Closed bsherin closed 3 years ago
Hi, although the latest v0.10.0 doesn't offer a way to do this, I'm considering adding a class method from_chat_str
to Reader
based on your question, so that you can do something like this:
import pylangacq as pla
reader = pla.Reader.from_chat_str(chat_data_str, encoding='utf-8')
where chat_data_str
is your CHAT data as an in-memory string (a string of what a single CHAT data file would be).
The current master branch on GitHub has just been updated with this class method. You may try it out by installing this dev version of pylangacq:
pip install git+https://github.com/pylangacq/pylangacq.git
Would you be able to let me know if this is what would work for your use case? If so, I'll make a release on PyPI so that this class method will be more readily available with pip install pylangacq
. Thanks!
Thanks! I’ll take a look, probably tomorrow afternoon. If you’re interested, the reason I’m looking for this capability is that I’m building a web-based system for social science data analysis that makes libraries available to researchers. Users/coders that use the system access data from an API, rather than a file system.
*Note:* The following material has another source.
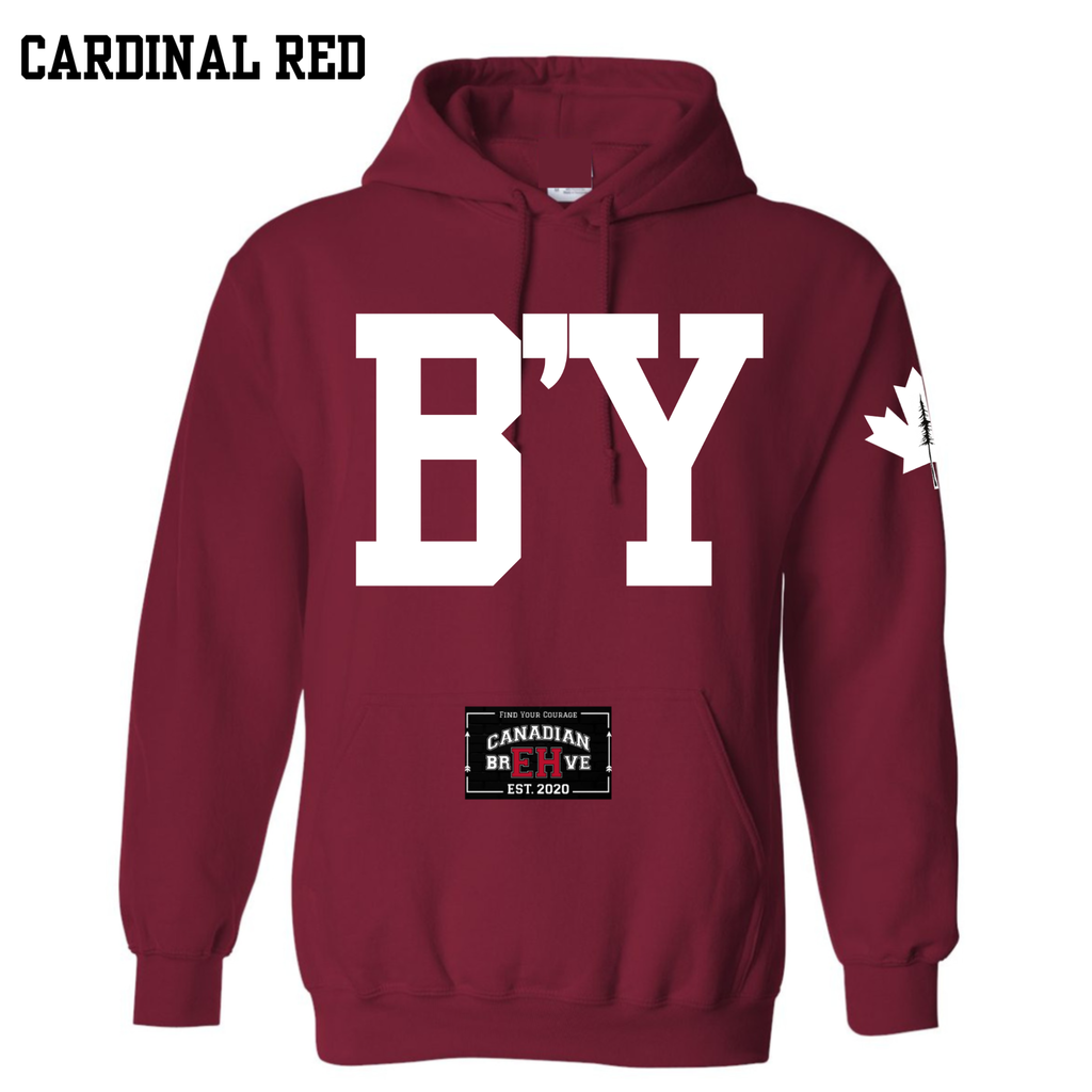 B’Y is heat pressed across the chest.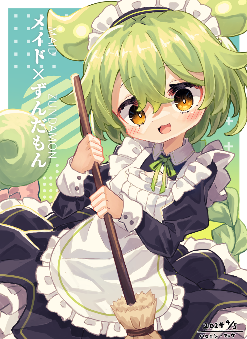 1girl :d apron black_dress blush commentary_request dated dress green_hair haronin_fukke holding holding_mop long_hair long_sleeves looking_at_viewer maid maid_apron mop open_mouth smile solo voicevox white_apron yellow_eyes zundamon

Here's a link: https://tactic.readthedocs.io/en/latest/index.html
That worked like a charm! The only thing that's missing is a way to load the equivalent of multiple strings, corresponding to multiple chat files. Something like the equivalent of the add
command would do the trick.
Some other thoughts for the future: I see that you made this work by writing a temporary file to the local file system. That made it possible for you make this change with only a small addition. On my system, however, the code run in a user's data analysis isn't really supposed to write anything to the file system. (It's a long story. Your new code still works in my system, there are just some small limitations.) When I originally looked at your code, I was looking to see if there was a way to keep the files around as something like StringIO
instances. But, it looked like that would require a lot of changes, distributed throughout the code.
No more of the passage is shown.